An instructive exercise for those learning about single-molecule biophysics is to compile a list of one’s own top ten research papers of all time. The choice is obviously subject to a great deal of personal bias, and is a dynamic structure which may change with time, and some of the early, seminal papers on the list might later be superseded by subsequent incarnations with more of the original unresolved questions resolved (and maybe even with the ‘right’ answers, as opposed to what were perhaps novel but slightly incorrect ‘best guesses’ at the time!). Even so, as a process for understanding how, and why, single-molecule biophysics has evolved the way it has, and how it is likely to progress into the arena of far greater physiological relevance in the near future, the reader might find the exercise suprisingly fulfilling.
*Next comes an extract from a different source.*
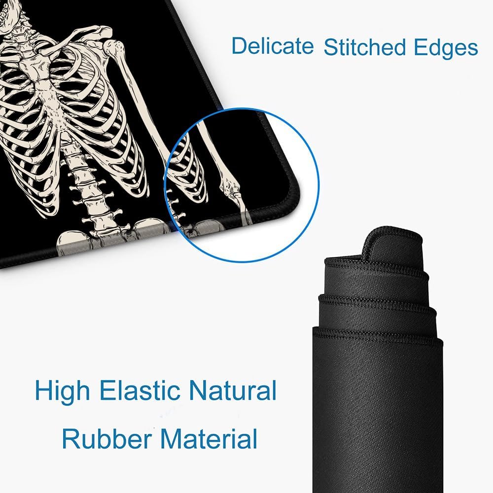 Gaming Mouse Pad, Large Mouse Pads for Desk, Non-Slip Rubber Base Mousepad, Keyboard Mouse Mat, Desk Pad with Stitched Edges, 31.5x11.8 inch Black Human Skeleton

In this chapter we discuss some of the strong candidates for this list of seminal papers, and lay the foundations for the remaining chapters in this book which describe real single-biomolecule experiments performed either on living cells or in an environment which has substantial physiological relevance.

GENERAL IDEA

In this chapter we encounter some key examples of single molecules and molecular complexes which are primarily integrated into the cell membrane performing a range of essential biological functions, and of the surrounding molecular architecture of the phospholipids, that have been studied extensively using exemplary single-molecule biophysics techniques

Introduction

Roughly 30% of all proteins are integrated into the membranes of cells, a significant proportion which is indicative of the importance of molecular processes which occur at the surfaces of cells. The cell membrane is an enormously important structure. It provides a physical support for seeding a vast array of complex surface chemistry reactions, as well as acting as the site for molecular detectors, pumps, channels and motors, not to mention its obvious function as a physical boundary to the cell. In the previous chapter, we discussed some of the important biological systems that deal with molecules and molecular complexes which spend significant periods outside the cell membrane boundary, and how single-molecule methods have dramatically improved our understanding of these processes. In this chapter, we will discuss several of the biological systems which are primarily associated directly with the cell membrane itself, and how single-molecule techniques have probed many of these in physiologically relevant settings, including both protein complexes integrated into the membrane and the makeup of the phosopholipid bilayer. These include molecular complexes which transport molecules across cell membranes, such as ion channels and protein transport nanopores, as well as some remarkable molecular machines which are involved in cell motility and cellular fuel manufacture.

Life, from the bottom up

Richard Feynman, celebrated physicist, science communicator and bongo-drum enthusiast, gave a lecture in Caltech, USA, a few days after Christmas 1959, that would come to be seen by future nanotechnologists as essentially prophetic. His talk was entitled ‘There’s plenty of room at the bottom’, and was concerned primarily with discussing the feasibility of a future ability to store information and to control and manipulate machines on a length scale which was tens of thousands of times smaller than that of the macroscopic world of things like typical books and electric motors of that day. It was essentially a clarion call to scientists and engineers to develop a new field, which would later be termed nanotechnology (see Taniguchi, 1974). But in one aside, Feynman alluded to the very small scale of biological systems, and how cells used these to do ‘all kinds of marvelous things’, which in its own small way has been wisely prescient for the subsequent seismic shifts in our understanding of how biological systems really work. We now know that the fundamental minimal functional unit which can adequately describe the properties of these systems is the single biological molecule. That is not to say that the constituent atoms at smaller length scales do not matter, nor the sub-atomic particles that make up the individual atoms, nor smaller still the quarks that make up the sub-atomic particles. Rather that, in general, we do not need to refer to a length scale smaller than the single molecule to understand biological processes.